Gold added almost 1% on Friday, having managed to defend against a fall below $1900 the day before. The price tests the long-term and medium-term trends for the second month, leaving the Fed to make a decisive argument in favour of the bulls or the bears. Friday’s rise so far looks like a trap for the bears.
Gold closed last week minimally above its 200-day moving average. In the past two months, this is the second attempt by the bulls to prove that the dip below this line, which acts as a long-term trend indicator, was false, and the long-term uptrend is still in place.
However, this looks more like a temporary revenge, raising the chances of an even more disorganised retreat shortly.
Gold’s performance in August also looks telling. Gold’s dip towards $1890 attracted buyers, but they quickly rushed to take profits on the approach to $1950 and failed to stay above the 50-day moving average for long.

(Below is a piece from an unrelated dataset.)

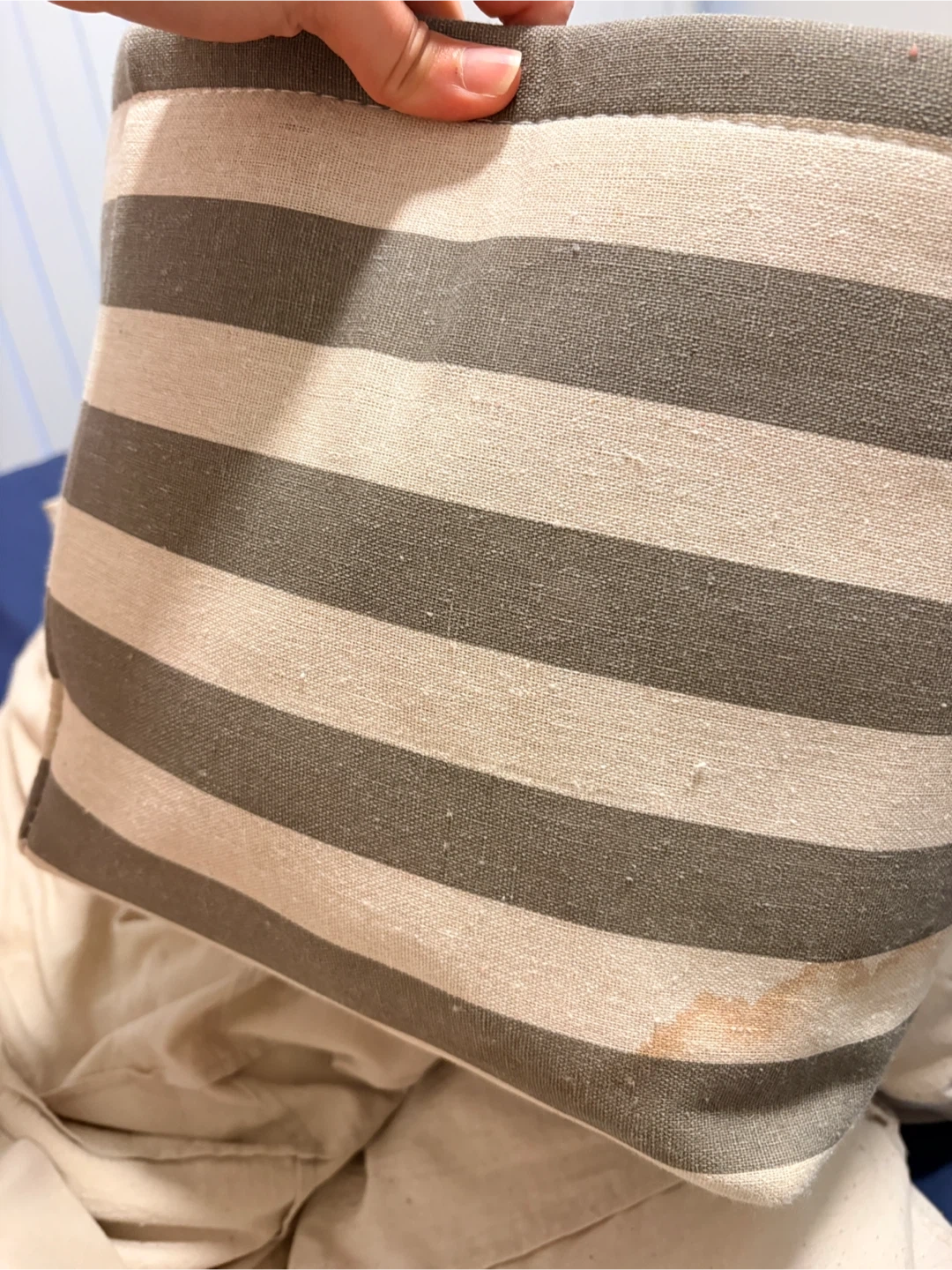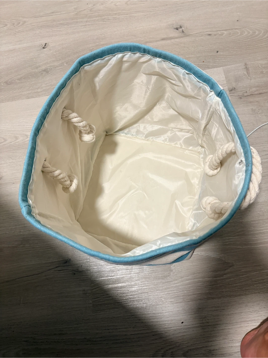 Check out this handy striped storage bin! It's got rope handles, making it easy to carry around. Perfect for organizing toys, laundry, or anything else you need to keep tidy. There is a stain on the side of the bin.

Since May, gold has been in a downtrend with increasingly lower local highs (in May, July, and early September) and declining lows (in June and August).

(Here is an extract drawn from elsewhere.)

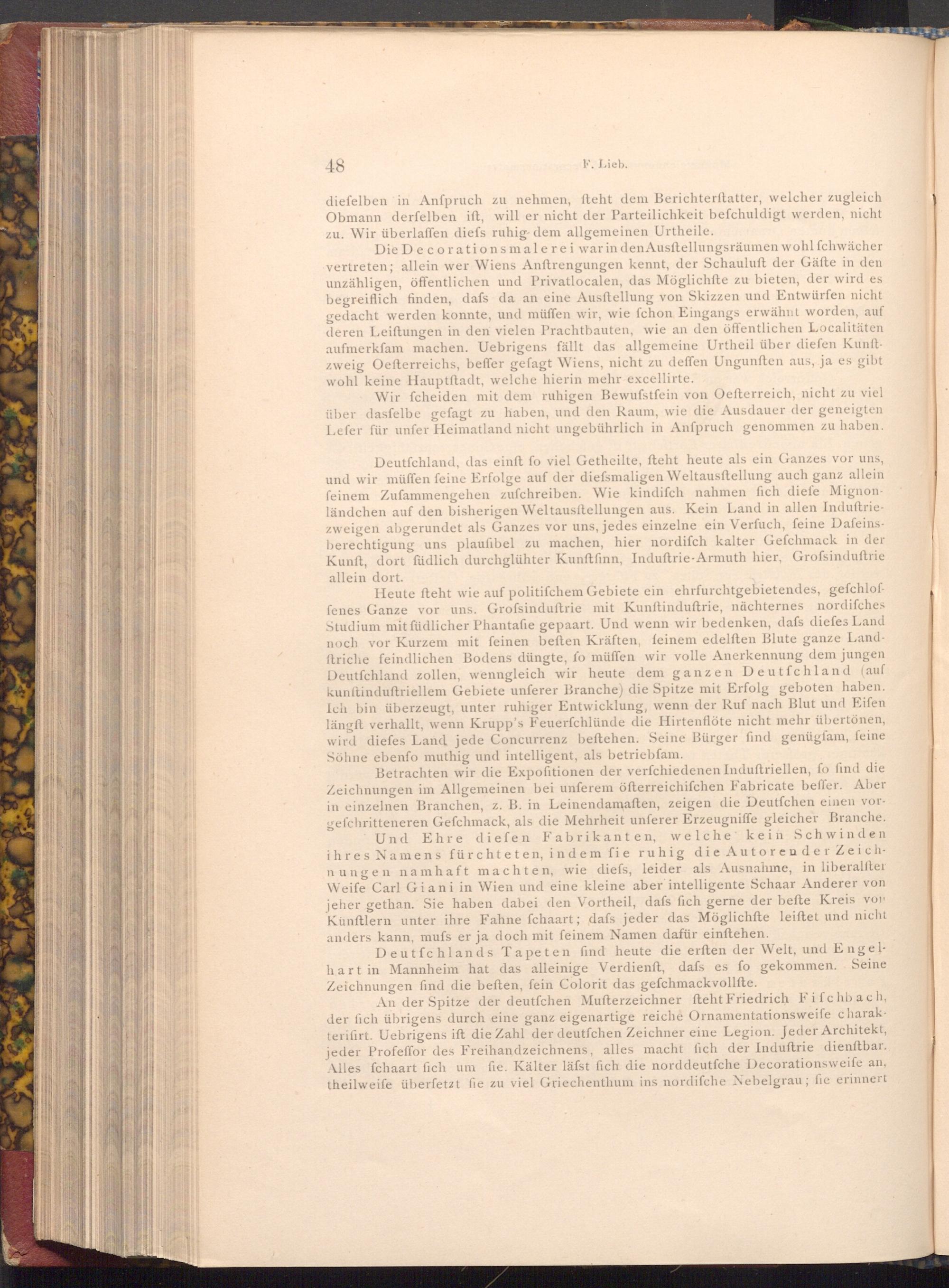 Heute ſteht wie auf politifchem Gebiete ein ehrfurchtgebietendes, gefchloffenes Ganze vor uns. Grofsinduftrie mit Kunftinduftrie, nächternes nordifches Studium mit füdlicher Phantafie gepaart. Und wenn wir bedenken, dafs diefes Land noch vor Kurzem mit feinen beften Kräften, feinem edelften Blute ganze Landftriche feindlichen Bodens düngte, fo müffen wir volle Anerkennung dem jungen Deutſchland zollen, wenngleich wir heute dem ganzen Deutfchland( auf kunftinduftriellem Gebiete unferer Branche) die Spitze mit Erfolg geboten haben. Ich bin überzeugt, unter ruhiger Entwicklung, wenn der Ruf nach Blut und Eifen längft verhallt, wenn Krupp's Feuerfchlünde die Hirtenflöte nicht mehr übertönen, wird diefes Land jede Concurrenz beftehen. Seine Bürger find genügfam, feine Söhne ebenfo muthig und intelligent, als betriebfam.

Gold’s impulsive rebound late last week was counter-intuitive as it coincided with a broad sell-off in equities. However, there is often a direct correlation between these asset classes.

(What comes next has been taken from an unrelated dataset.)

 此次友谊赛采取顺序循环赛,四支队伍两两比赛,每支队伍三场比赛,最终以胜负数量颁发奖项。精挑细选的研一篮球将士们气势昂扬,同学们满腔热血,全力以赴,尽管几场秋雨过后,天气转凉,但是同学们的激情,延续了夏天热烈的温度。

While a temporary balance of power can be seen in the market, we still see more potential for a bearish scenario. However, it has yet to prove its strength.
Thus, confidence in further declines will increase if gold returns under the 200-day moving average at $1922. In this case, we should expect a short-term decline under the previous lows at $1890 with a potential downside at $1850, the lower boundary of the descending channel formed.
Alternatively, if gold consolidates above $1930 and gains strength further above the 50-day moving average, it will make us consider a trend change to an uptrend.
In all cases, the market may give false signals until Wednesday evening, when we will see the market reaction to the Fed’s rate comments. The upcoming meeting has the potential to reverse the current short-term picture.